Il est indéniable que le développement du travail indépendant, y compris l’engouement pour cette forme d’activité professionnelle, tient en partie à des causes conjoncturelles. En ce sens, le boom du travail indépendant relève plutôt d’une mode. En premier lieu, parce qu’une proportion faible mais significative d’indépendants a trouvé une issue au chômage dans le travail indépendant. Dans un rapport de l’OCDE sur l’entrepreneuriat en 2015, on sait qu’en France 5,4% des chômeurs créent leur propre micro-entreprise pour organiser eux-mêmes leur retour à l’emploi.
Ensuite, parce que dans cette perspective, du moins en France, le cadre législatif a évolué pour favoriser la création de ces entreprises de travailleurs indépendants. Institué en 2009, le régime de l’auto-entrepreneur est à la fois un régime simplifié d’imposition et de sécurité sociale et une politique publique incitative à la création d’entreprise. En 2015, ce régime a évolué vers celui de microentrepreneur, sans altérer la volonté publique de proposer aux entrepreneurs individuels un dispositif simple et efficace pour réguler leur activité professionnelle.
Enfin, le travail indépendant connaît une recrudescence en raison des stratégies d’externalisation mises en place par les entreprises qui choisissent de verser des prestations plutôt que des salariés. On retrouve ces stratégies notamment dans le domaine des services, notamment dans les domaines à fort contenu cognitif, les professions paramédicales ainsi que chez les artisans du bâtiment.
Soif d’autonomie
Cependant, au-delà de ces éléments contextuels, il est difficile de ne pas voir les signes d’un profond mouvement, d’un réel appétence -surtout chez les jeunes générations- pour ces formes d’organisation du travail. En ce sens, le boom du travail indépendant observé ces dernières années peut correspondre à un véritable raz de marée qui laisse présager une convulsion des conditions de travail et des formes de socialisation au travail.
Le travail indépendant est probablement une réponse efficace aux nouveaux désirs associés au travail considéré comme un élément de création de soi. En premier lieu, parce que la liberté et la flexibilité qu’elle permet correspondent à une soif d’autonomie de plus en plus manifeste.

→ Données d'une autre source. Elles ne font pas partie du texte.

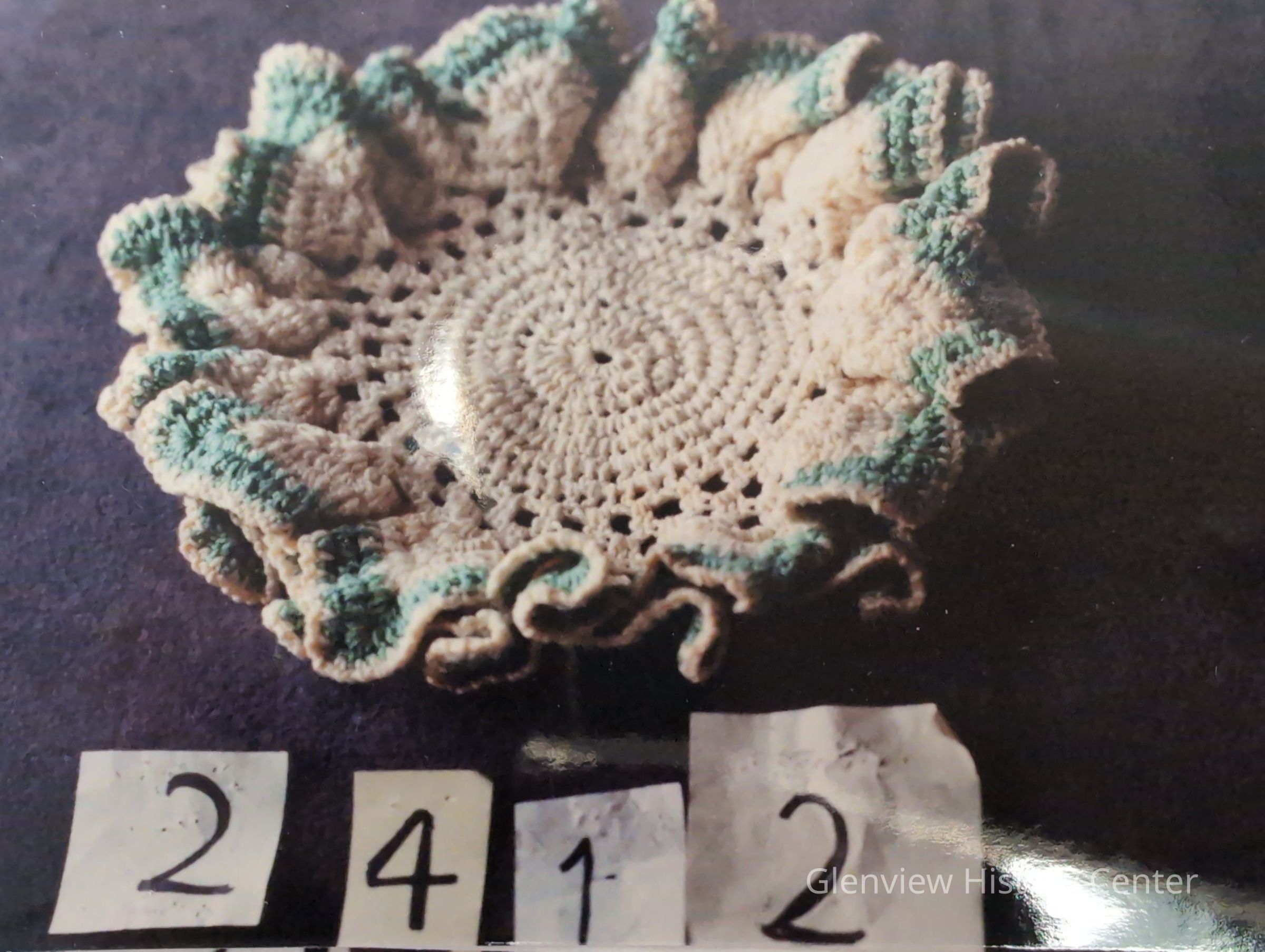 1 round crocheted doily white with blue/green edge 8 1/2" cotton

Si les jeunes générations sont les plus exigeantes de cette autonomie, l’activité indépendante se développe dans la plupart des tranches d’âge. Deuxièmement, parce que les tendances de consommation elles-mêmes évoluent vers une volonté de personnaliser la relation contractuelle au-delà de l’organisation. Le travailleur indépendant apparaît donc dans de meilleures conditions que l’entreprise pour personnifier cette relation client-fournisseur.

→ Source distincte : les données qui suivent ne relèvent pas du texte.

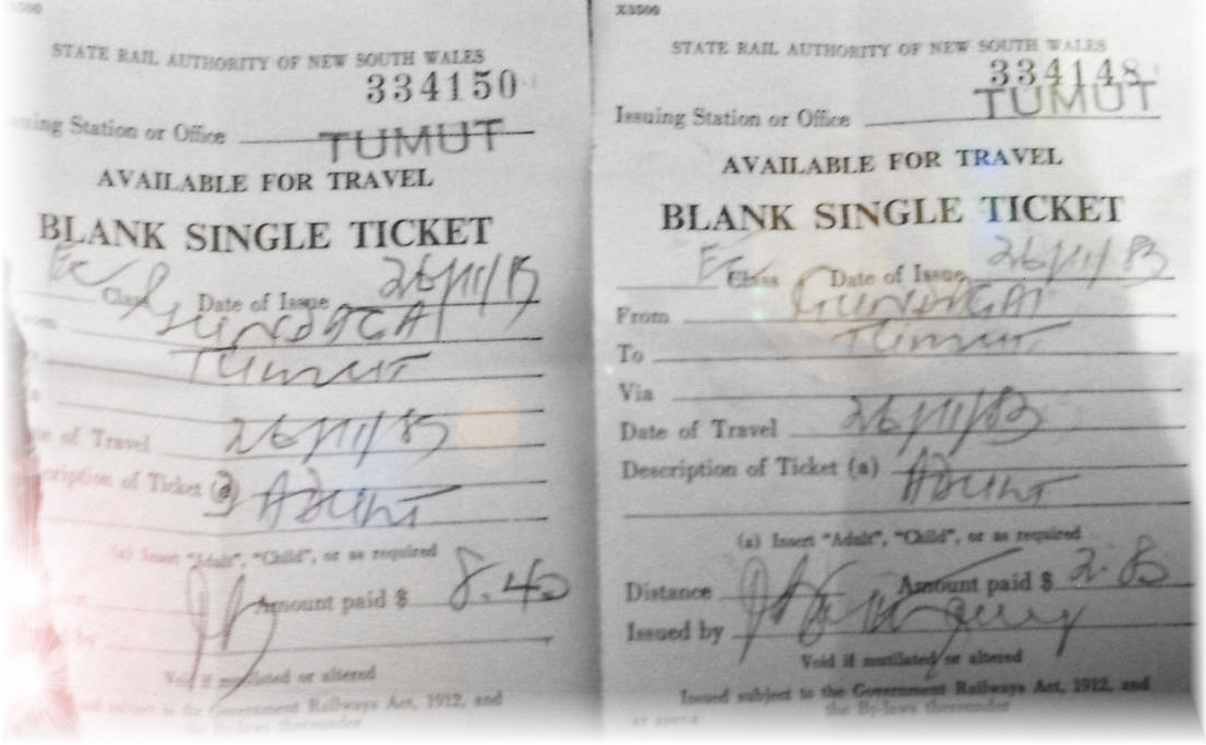 Two tickets for the last train for the Gundagai to Tumut journey. (The one on the left is for 3 adults, while the on on the right is for one adult @ $2.80 each passenger.)

Enfin, l’apparition récente de plateformes numériques dans le domaine du transport de personnes, de la livraison de repas en milieu urbain ou encore de l’hôtellerie professionnelle ou de loisirs, a permis la création d’un marché virtuel où se rencontrent prestataires et acheteurs. Cette possibilité de diviser le travail par « tâche », également appelée gig economy, offre une multiplicité d’options aux travailleurs indépendants et la possibilité de structurer leur activité professionnelle indépendamment d’une relation salariale avec une entreprise.
Lame de sol ou effet de mode? Probablement un peu des deux. Pour avancer dans cette analyse du travail indépendant, il faudra rapidement explorer quatre axes : les évolutions socioculturelles de l’entrepreneuriat et les nouvelles pratiques managériales associées ; la qualité de vie et le bien-être au travail dans l’entrepreneuriat individuel ; gouvernance et modes de production du travail indépendant ; et les nouvelles formes d’entrepreneuriat en Europe. C’est sans doute l’étude de ces quatre axes qui apportera une réponse plus précise à la question.